His approach is Thoreauvian simple. From dumpsters behind appliance stores he scavenges cardboard. He then paints his black-lettered barbs in a rented basement studio. Where his slogans emerge from, who knows – maybe that sordid steam room of the brain where propaganda, poetry, and bumper stickers go to hook up?

Initially, he'd post signs between the witching hour and the stirring of the first commuters. But emboldened by success – and maybe the need to raise the thrill factor – he now goes out at high noon. That's when he picks me up to tag along.

At the first overpass, he pulls off, parks illegally, checks out which way the wind blows, and makes sure no cops or nosy neighbors are watching. Then, with large sunglasses obscuring his face, he grabs "Osama Who?" and a few bungee cords, runs up the overpass ramp, unfolds the sign, clips bungees to keep it in place, and bolts back to the truck. As sweat sparkles on his nose, he grins like a kid who just pulled one on the teacher. "This still has just enough of an adrenaline rush to keep it exciting," he says, and drives back onto the freeway to check out his handiwork. "Isn't she a beauty?" he says with admiration, and cranes his neck for a better look.

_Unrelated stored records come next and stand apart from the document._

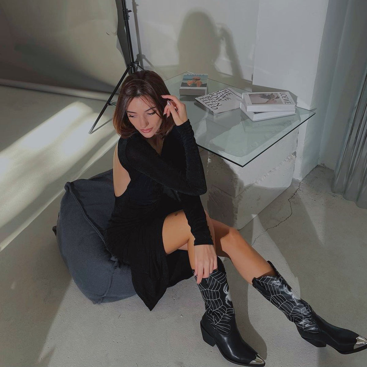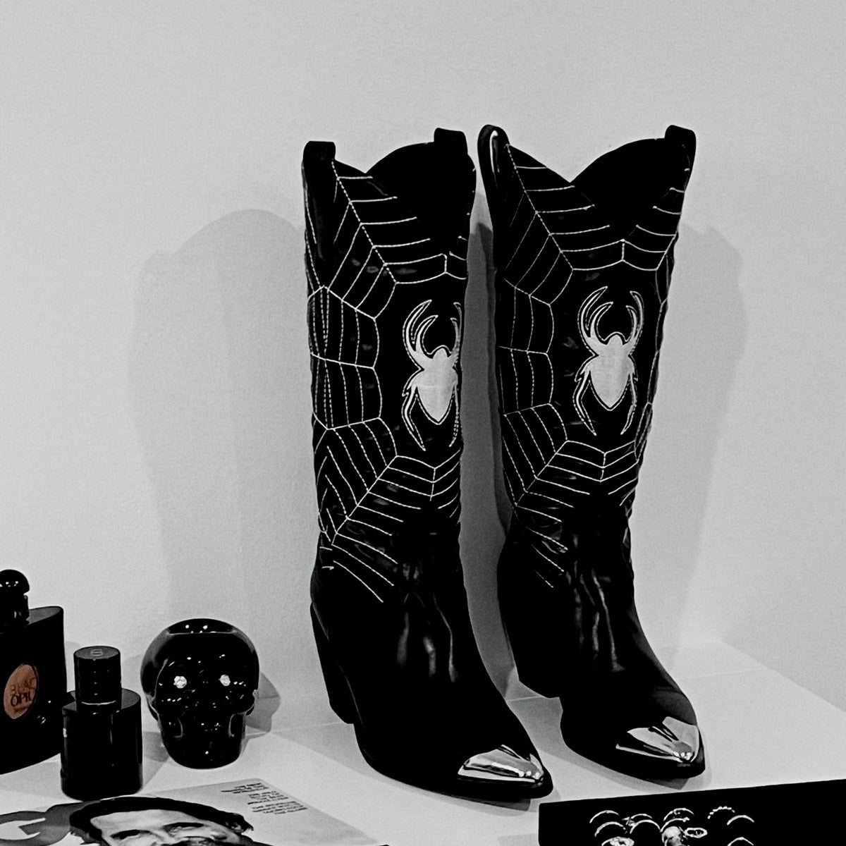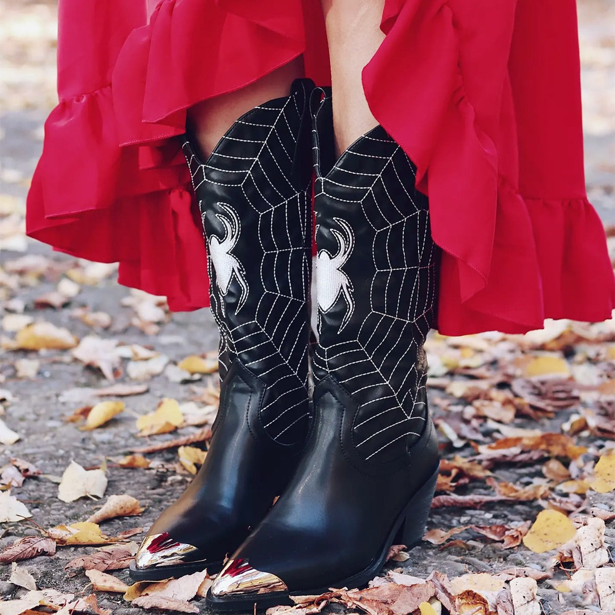Embroidery Spider Webs Metal Pointed Toe Boots
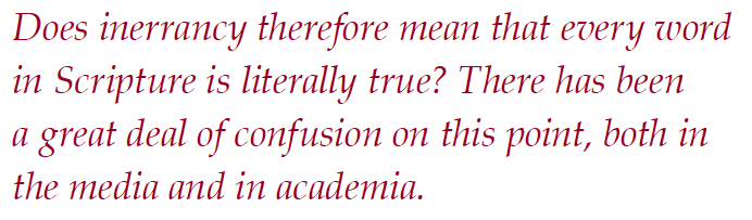 Does inerrancy therefore mean that every word in Scripture is literally true? There has been a great deal of confusion on this point, both in the media and in academia. It should first be noted that mere words are neither true nor false; truth is a property of statements. Second, those who oppose biblical inerrancy have all too often contributed to the confusion by caricaturing the notion of literal truth. Critics of inerrancy typically speak of “literal truth” when what they really mean is “literalistic truth.” Defenders of inerrancy must take great care to distinguish the notion of literal truth from the kind of literalistic interpretation that runs roughshod over the intent of the author and the literary form of the text.
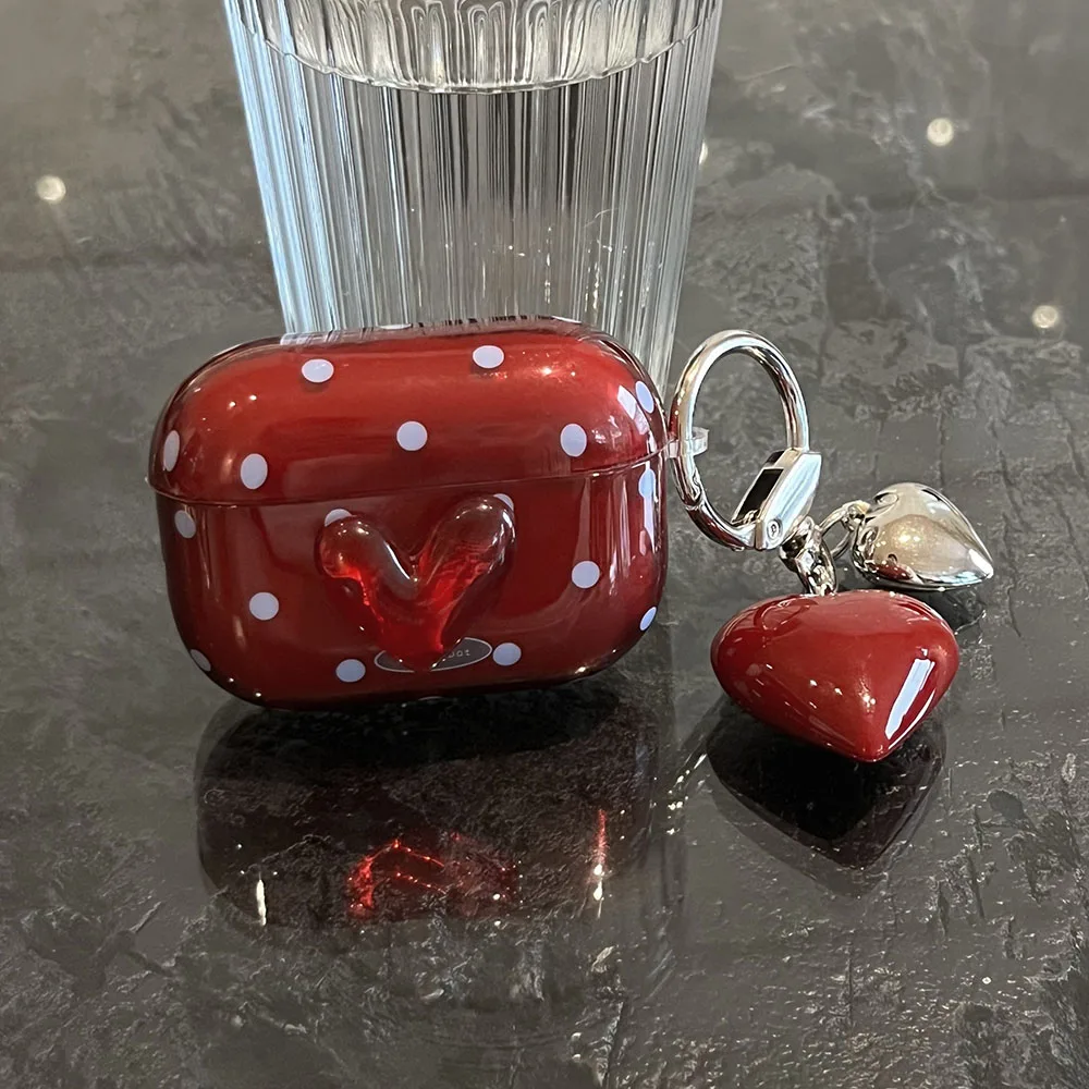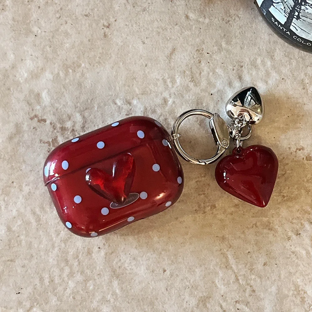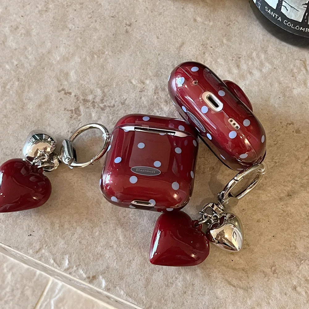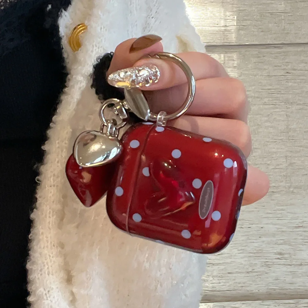 Polka Dot Heart Protecitve Case For AirPods 4 Pro 2 Earphone Cover For AirPods 1 2 3 4th Generation Case with Keychain Pendant

"The CHP must have thought there was a whole army of us posting the overpasses," he says with a chuckle. "The reason our founding fathers insisted on free speech is that when the country is threatened from within, citizens can sound the alarm. Now we have a big fucking problem: thanks to one man, the whole world hates us. What better job for an American than to try to salvage just a little bit of his country's reputation?"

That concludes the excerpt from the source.